> **Data for analysis**:
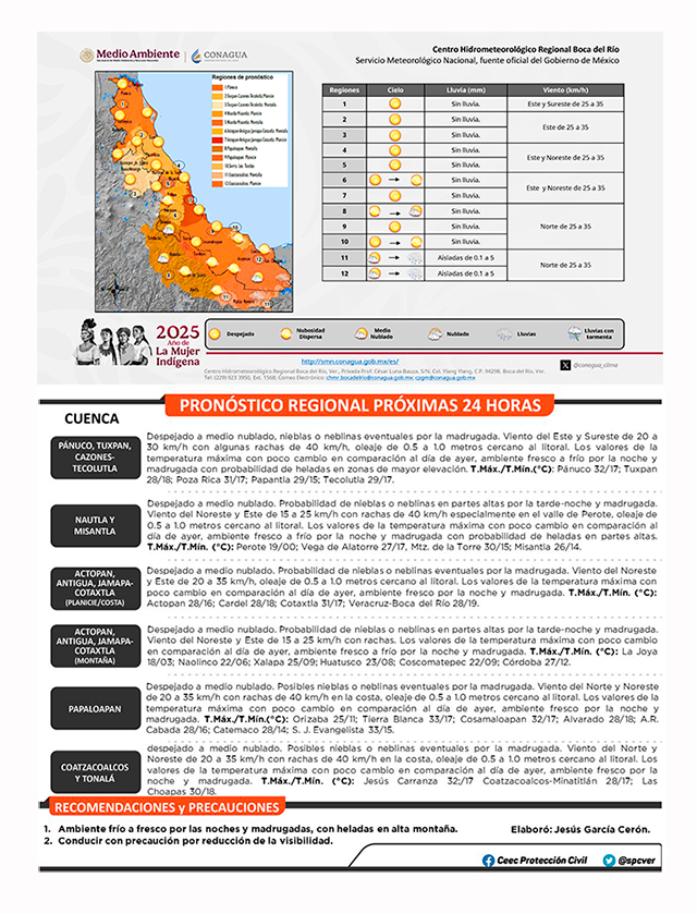persiste un sistema de alta presión que abarca el noreste, este y sureste del país, así como el Golfo de México. Al mismo tiempo, el frente frío número 38 se desplaza sobre el centro y oriente del mismo golfo. En Veracruz se espera viento dominante del noreste, este y sureste, con rachas de 30 a 40 kilómetros por hora en zonas de costa y alta montaña. La probabilidad de lluvia es baja o nula; sin embargo, no se descartan brumas y neblinas durante la tarde-noche y madrugada, especialmente en regiones elevadas. La temperatura máxima presentará pocos cambios respecto del día anterior. Durante la noche y madrugada el ambiente se mantendrá fresco a frío con posibilidad de heladas en zonas serranas.
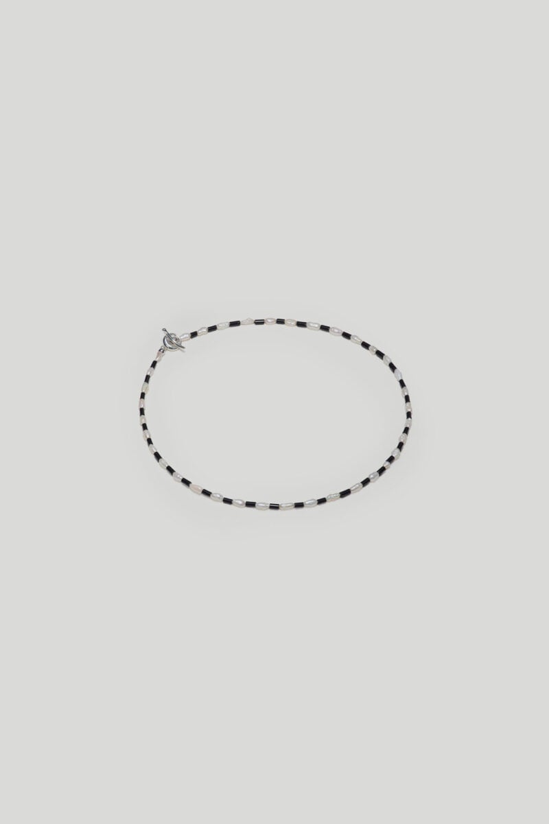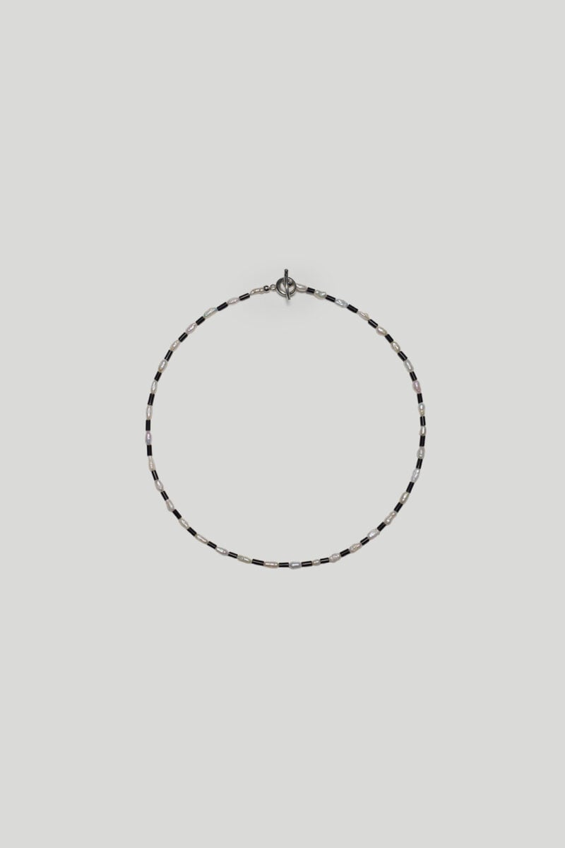 10% Sterling Silver, 45% Glass Pearls, 55 % Onyx
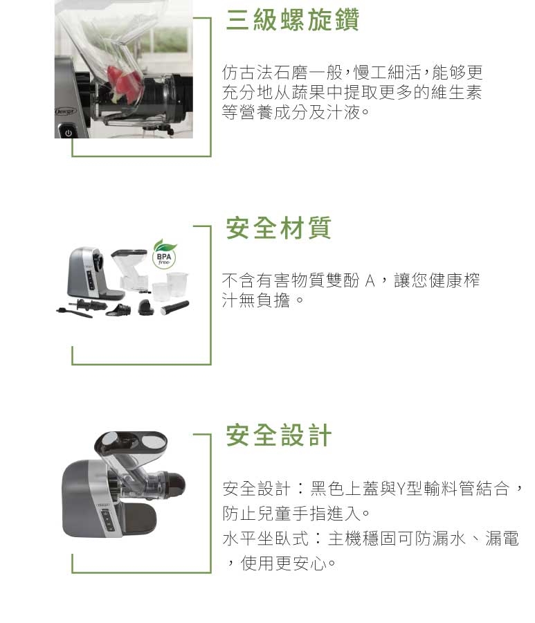 透過三級螺旋鑽的研磨,可自蔬果中獲得更多的維生素等營養成分及汁液。
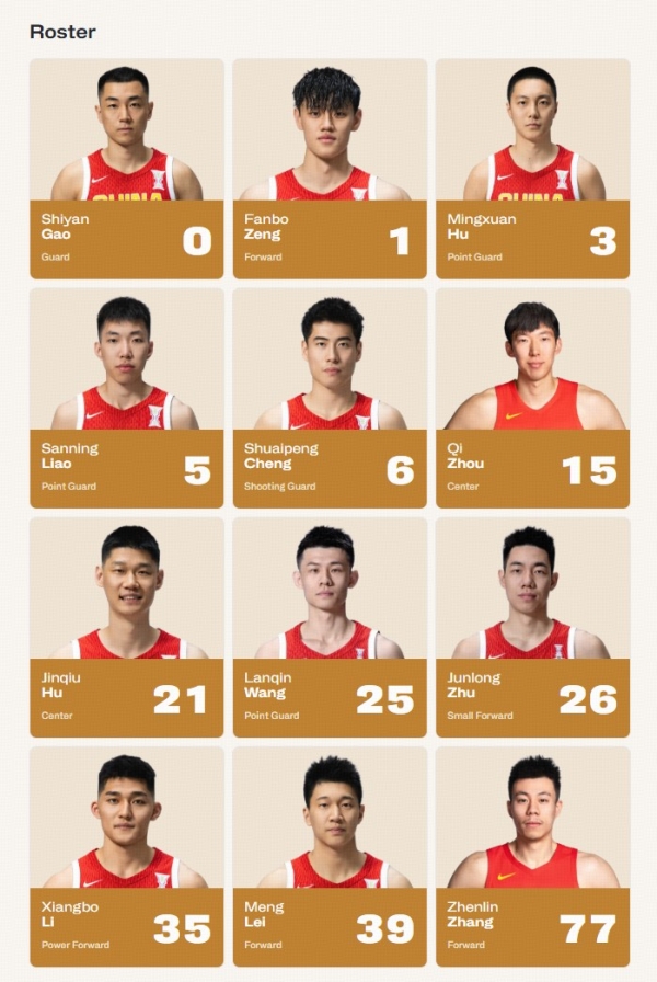 中国男篮12人大名单:高诗岩、曾凡博、胡明轩、廖三宁、程帅澎、周琦、胡金秋、王岚嵚、朱俊龙、李祥波、雷蒙、张镇麟。
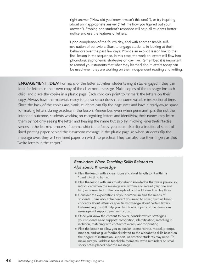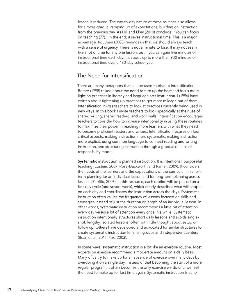 Intensifying Classroom Routines in Reading and Writing Programs
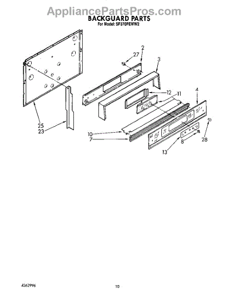 Parts for Whirlpool SF370PEWN2: 07 - Backguard Parts
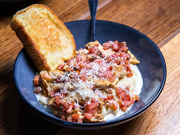 Pasta fetuccini mezclada con brócoli fresco, salsa Alfredo y pechuga de pollo a la parrilla, se sirve con pan de ajo.
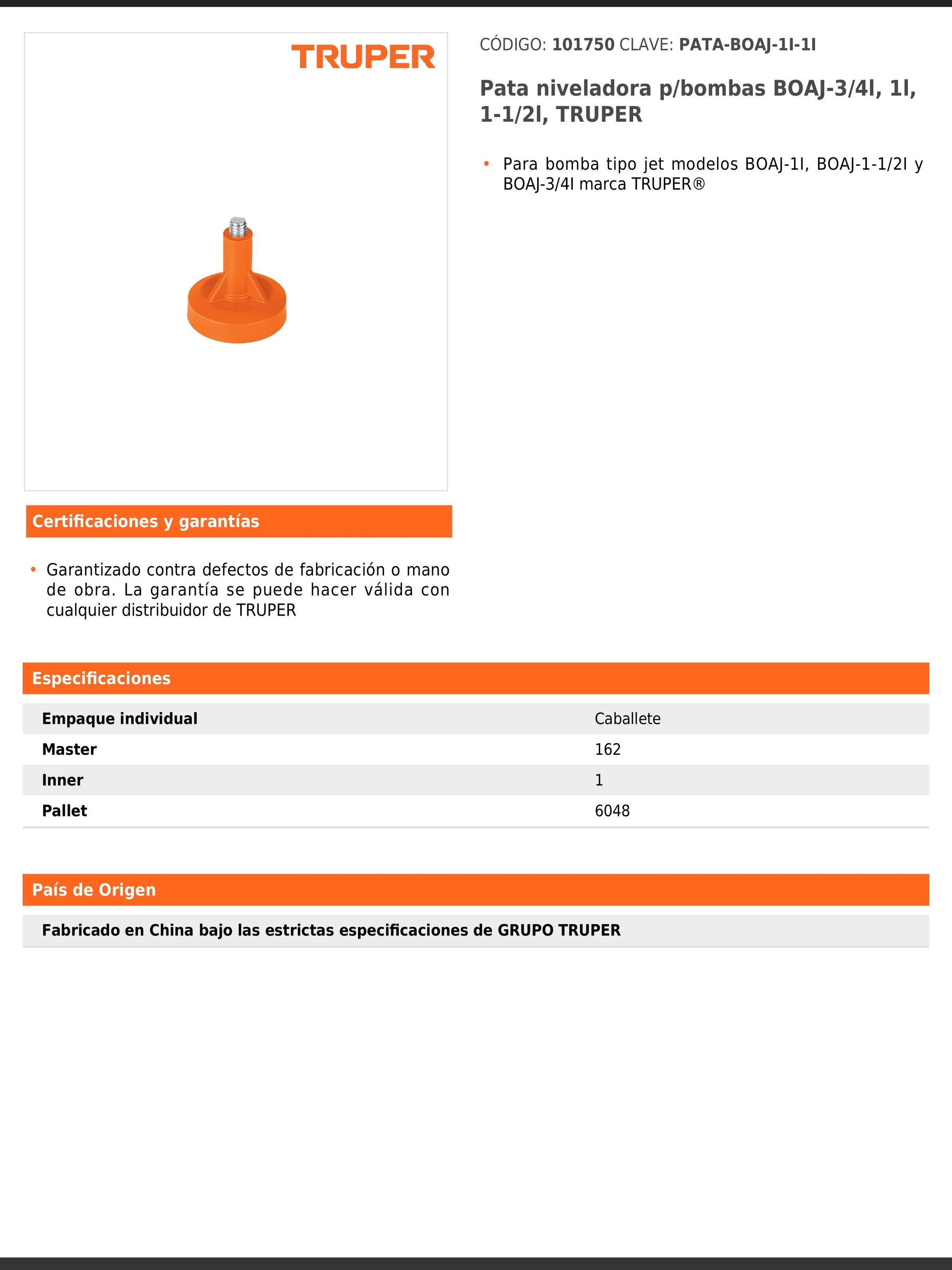 Pata niveladora diseñada para bombas tipo jet modelos BOAJ-1I, BOAJ-1-1/2I y BOAJ-3/4I. Fabricada bajo estrictos estándares de calidad, garantiza estabilidad y soporte confiable durante la operación de las bombas. Su presentación en caballete facilita almacenamiento y distribución.
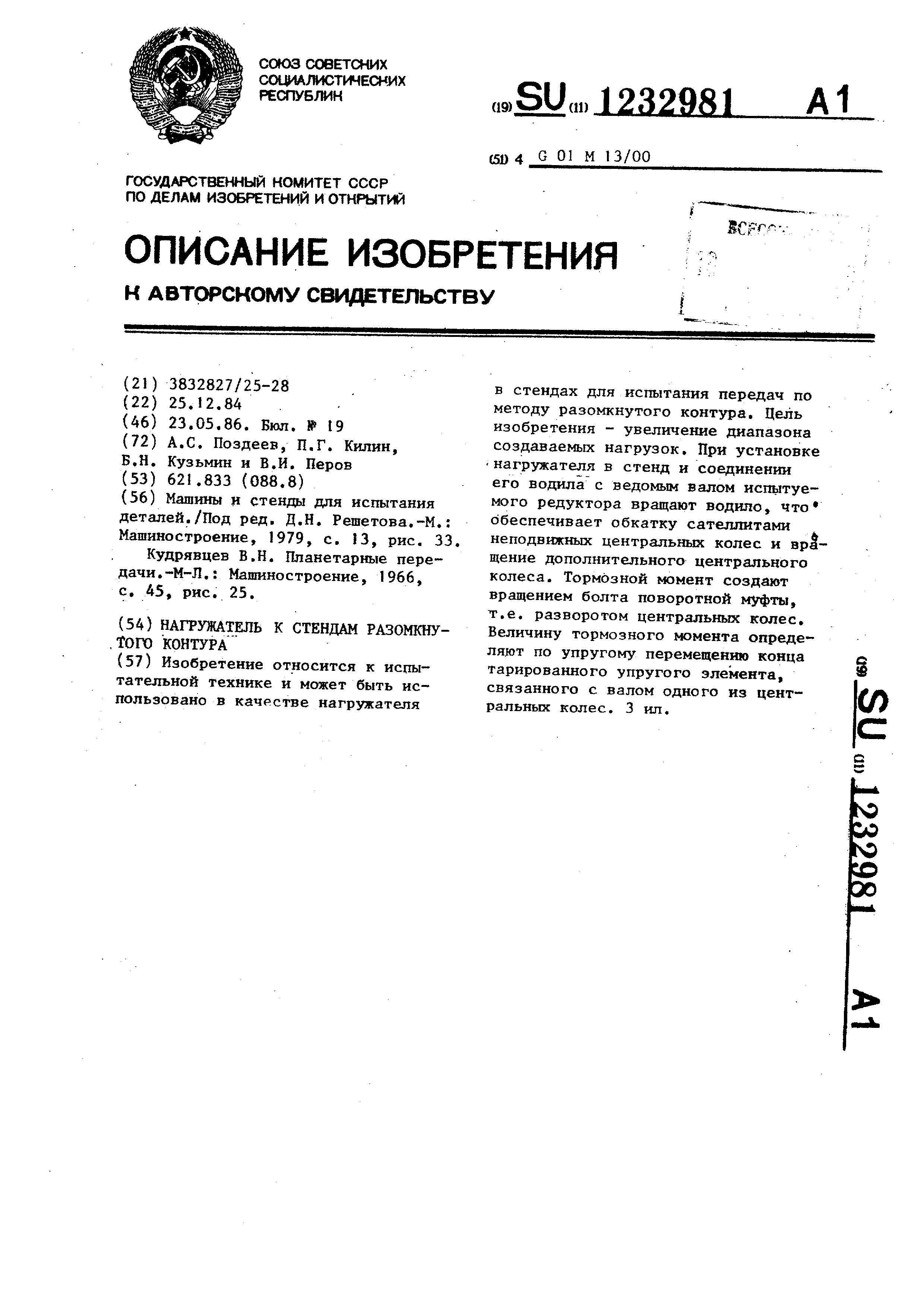 в качестве иагружателя в стендах для испытания передач по методу разомкнутого контура. Цель изобретения - увеличение диапазона создаваемых нагрузок. При установке нагружателя в стенд и соединении
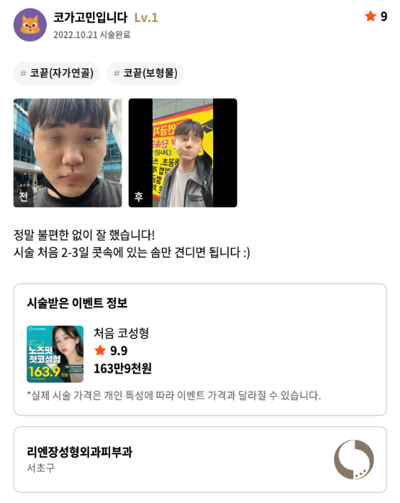 Viện Phẫu thuật Thẩm mỹ Lienjang ★★★★★ 5.0 [강남언니] 코성형 / 2개월차/ 닉네임:코가고민입니다 Ẩ******@ | 2022.10.24 | 29 Quay lại danh sách
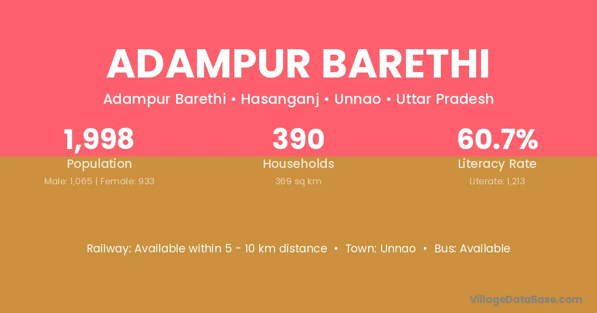 Unnao is the nearest town to Adampur Barethi village for major economic activities

> **Task objective**: Repeat the line that contains "透過三級螺旋鑽的研磨,可自蔬果中獲得更多的維生素等營養成分及汁液。" and each line after it, through the last line of the listing, exactly and alone; pictures stay out of the repeat.

> **Solution for this task**:
 透過三級螺旋鑽的研磨,可自蔬果中獲得更多的維生素等營養成分及汁液。
 中国男篮12人大名单:高诗岩、曾凡博、胡明轩、廖三宁、程帅澎、周琦、胡金秋、王岚嵚、朱俊龙、李祥波、雷蒙、张镇麟。
 Intensifying Classroom Routines in Reading and Writing Programs
 Parts for Whirlpool SF370PEWN2: 07 - Backguard Parts
 Pasta fetuccini mezclada con brócoli fresco, salsa Alfredo y pechuga de pollo a la parrilla, se sirve con pan de ajo.
 Pata niveladora diseñada para bombas tipo jet modelos BOAJ-1I, BOAJ-1-1/2I y BOAJ-3/4I. Fabricada bajo estrictos estándares de calidad, garantiza estabilidad y soporte confiable durante la operación de las bombas. Su presentación en caballete facilita almacenamiento y distribución.
 в качестве иагружателя в стендах для испытания передач по методу разомкнутого контура. Цель изобретения - увеличение диапазона создаваемых нагрузок. При установке нагружателя в стенд и соединении
 Viện Phẫu thuật Thẩm mỹ Lienjang ★★★★★ 5.0 [강남언니] 코성형 / 2개월차/ 닉네임:코가고민입니다 Ẩ******@ | 2022.10.24 | 29 Quay lại danh sách
 Unnao is the nearest town to Adampur Barethi village for major economic activities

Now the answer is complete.